The aim of feature selection is to form, from all available features in a dataset, a relatively small subset of features capable of producing the optimal classification accuracy. This subset is called the predictor set. The following are past and current stances on the use of feature selection for multiclass tissue classification:

Feature selection does not aid in improving classification accuracy [1, 2], at least not as much as the type of classifier used.
Feature selection is often rank-based, and is implemented mainly with the intention of merely reducing cost/complexity of subsequent computations (since the transformed dataset is smaller), rather than also finding the feature subset which best explains the dataset [1, 3].
Studies proposing feature selection techniques with sophistication above that of rank-based techniques resort to an evaluation procedure which is prone to giving overly optimistic estimate of accuracy, but has the advantage of costing less computationally than procedures which yield a more realistic estimate of accuracy [4–7].
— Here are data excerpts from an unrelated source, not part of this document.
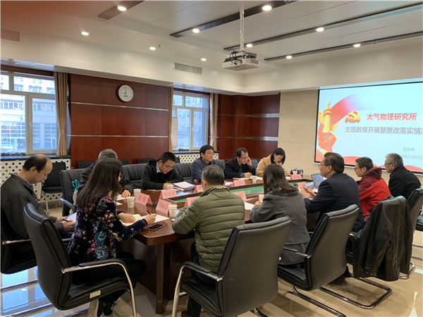 王生林汇报了大气所主题教育开展及整改落实情况,包括主题教育整体情况、专项整治工作情况、突出问题整改情况三大方面,以及研究所建立整改落实的定期督办和跟踪机制。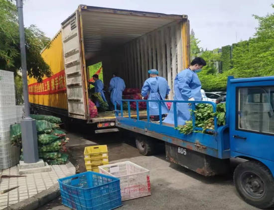 4月16日早上5点左右,一辆17.5米韵达厢式货车出现在上海戏剧学院校园内,随后在多名身穿防护服后勤工作人员协助下,一箱箱新鲜蔬菜从车厢内快速转运到学校食堂。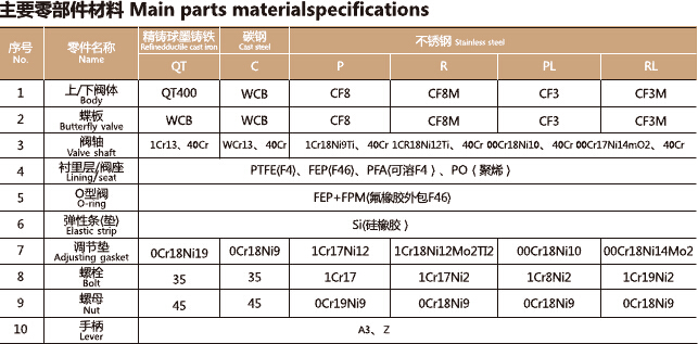 防腐蝕襯氟蝶閥,襯四氟蝶閥,全襯里蝶閥采用對分兩片閥體組合,閥座與閥體內(nèi)襯一體化,閥門工作時,只有全塑閥座與襯塑蝶板與介質(zhì)接觸,產(chǎn)品可承受“除熔融堿金屬和元素氟”外的任何介質(zhì)腐蝕,其中D71F46閥桿與蝶板(鍛)為一體,表面均勻包覆一層FEP。閥體通道內(nèi)表面光滑,流體阻力小,CV值高,流通能力強(qiáng),扭矩適中,采用四級密封結(jié)構(gòu)并在密封面外配以耐溫抗老化的SI橡膠的彈性襯墊閥座,完全達(dá)到介質(zhì)的零泄漏。

In short, there are three ways in which feature selection has been, and still is regarded for multiclass microarray datasets: 1) should not be considered at all, 2) as simple rank-based methods for dataset truncation, and finally, 3) as more complicated methods with sound theoretical foundation, but with doubtful empirical results.

A feature selection technique is made of two components: the predictor set scoring method (which evaluates the goodness of a candidate predictor set); and the search method (which searches the gene subset space for the predictor set based on the scoring method). The technique becomes wrapper-based when classifiers are invoked in the predictor set scoring method. Otherwise, the technique is filter-based. Filter-based techniques, which are the focus of this study, have several advantages over wrapper-based techniques: 1) Filter-based techniques cost less computationally than wrapper-based techniques. 2) Filter-based techniques are not classifier-specific. 3) More importantly, unlike the typical 'black-box' trait of wrapper-based techniques, filter-based techniques provide a clear picture of why a certain feature subset is chosen as the predictor set through the use of scoring methods in which inherent characteristic(s) of the predictor set (and not its prediction ability) is optimized. The last advantage is particularly crucial since the predictor set scoring method in a filter-based technique can explain the prediction ability of the predictor set, whereas in a wrapper-based technique, the score of goodness of the predictor set is its prediction ability itself, and hence the term 'black-box'.

An important principle behind most filter-based feature selection techniques can be summarized by the following statement: A good predictor set should contain features highly correlated with the target class distinction, and yet uncorrelated with each other [8]. The predictor set attribute referred to in the first part of this statement, 'relevance', is the backbone of simple rank-based feature selection techniques. The aspect alluded to in the second part, 'redundancy', refers to pairwise relationships between all pairs of genes in the predictor set.

Previous studies [4, 8] have based their feature selection techniques on the concept of relevance and redundancy having equal importance in the formation of a good predictor set. We call the predictor set scoring methods used in such correlation-based feature selection techniques equal-priorities scoring methods. On the other hand, Guyon and Elisseeff (2003) [9] demonstrated using a 2-class problem that seemingly redundant features may improve the discriminant power of the predictor set instead, although it remains to be seen how this scales up to multiclass domains with thousands of features. A study was implemented on the effect of varying the importance of redundancy in predictor set evaluation in [10]. However, due to its use of a relevance score that is inapplicable to multiclass problems, the study was limited to only binary classification.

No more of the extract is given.